**ABOUT THIS TASK**
Please transcribe the data below exactly. Leave the pictures out.

**DATA PROVIDED**
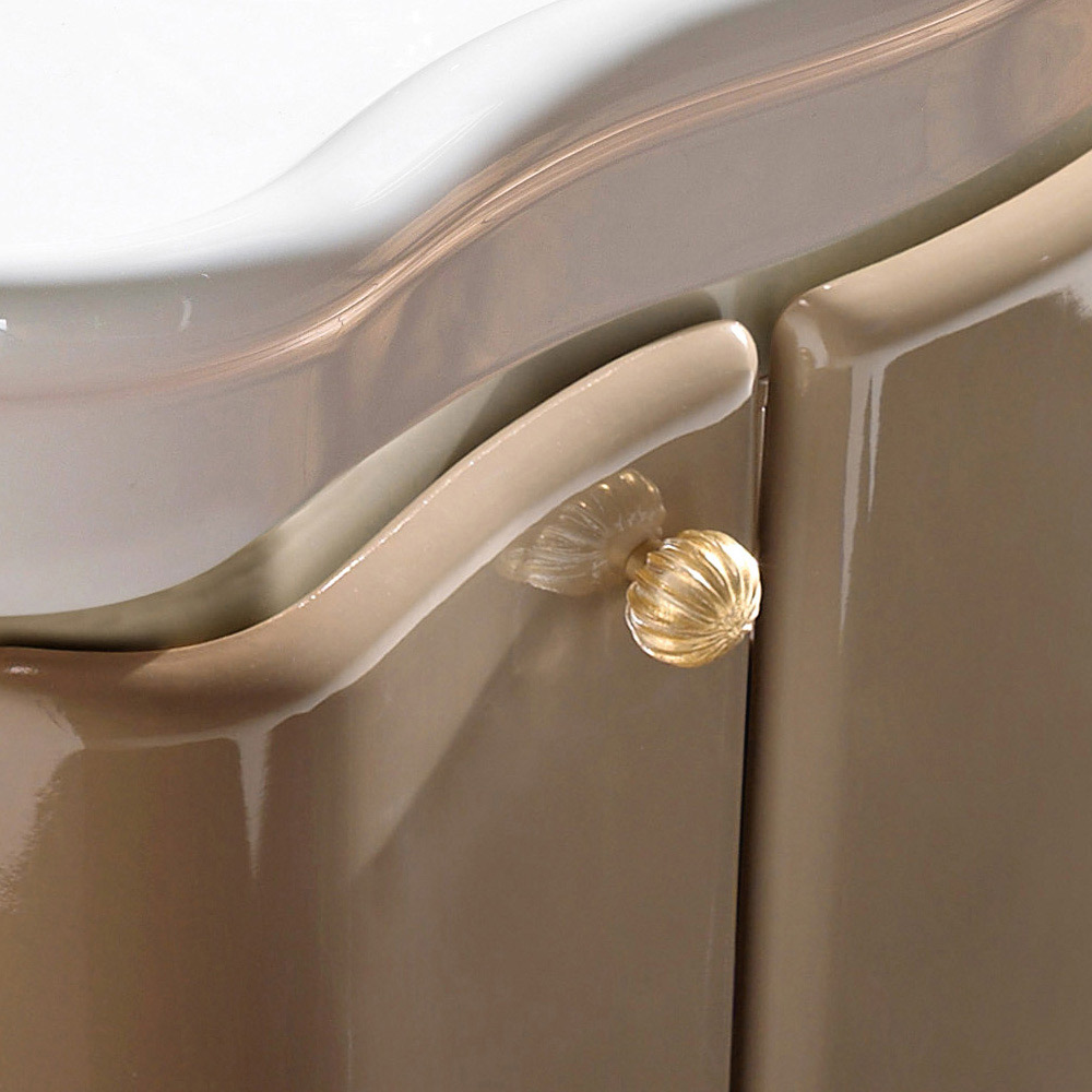 Badeværelsesskab i MDF med to låger og tofarvet karamel blank lakeret skuffe med elfenben struktur , med hvid keramisk vask . Messingknopper og vask medfølger.
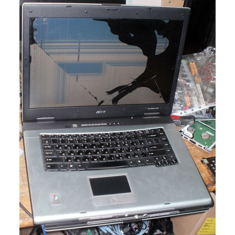 ДЕФЕКТНЫЙ НЕДОУКОМПЛЕКТОВАННЫЙ ноутбук Acer TravelMate 2410 (2413WLC) (Intel Celeron M370 1.5Ghz /no RAM! /no HDD! /DVD-CDRW /sound /LAN /15.4" TFT 1280x800)
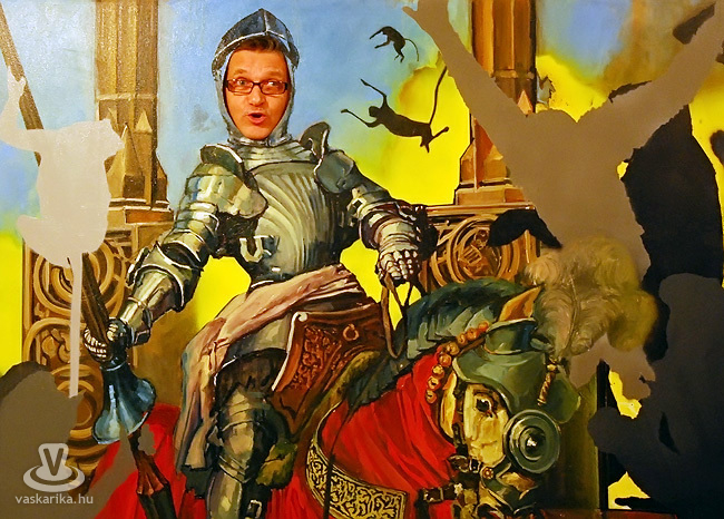 A központi figura mindenesetben egy talpig páncélos, arctalan lovag, pontosabban csak a külső fémburka. Egyedül vagyunk, és egyenpáncélt hordunk. Dölyfösen ülünk hízott sertésünk hátán, kezünkben lobog a keresztesek zászlaja, és furcsa félszerzetek vezetnek pórázon bennünk. Amennyiben a színhasználat komorabb lenne, valószínű megrettennénk a mondanivalótól, de mivel minden kép retinakényeztető kombinációkkal él, pozitív üzenete van az egésznek. Realista-optimizmus, vagy valami hasonló érzeteink vannak a nagytermi felhozatalt nézegetve. Aztán áttendálunk a kistermekbe, ahol a mézeskalács művek sorakoznak.

**EXPECTED ANSWER**
 Badeværelsesskab i MDF med to låger og tofarvet karamel blank lakeret skuffe med elfenben struktur , med hvid keramisk vask . Messingknopper og vask medfølger.
 ДЕФЕКТНЫЙ НЕДОУКОМПЛЕКТОВАННЫЙ ноутбук Acer TravelMate 2410 (2413WLC) (Intel Celeron M370 1.5Ghz /no RAM! /no HDD! /DVD-CDRW /sound /LAN /15.4" TFT 1280x800)
 A központi figura mindenesetben egy talpig páncélos, arctalan lovag, pontosabban csak a külső fémburka. Egyedül vagyunk, és egyenpáncélt hordunk. Dölyfösen ülünk hízott sertésünk hátán, kezünkben lobog a keresztesek zászlaja, és furcsa félszerzetek vezetnek pórázon bennünk. Amennyiben a színhasználat komorabb lenne, valószínű megrettennénk a mondanivalótól, de mivel minden kép retinakényeztető kombinációkkal él, pozitív üzenete van az egésznek. Realista-optimizmus, vagy valami hasonló érzeteink vannak a nagytermi felhozatalt nézegetve. Aztán áttendálunk a kistermekbe, ahol a mézeskalács művek sorakoznak.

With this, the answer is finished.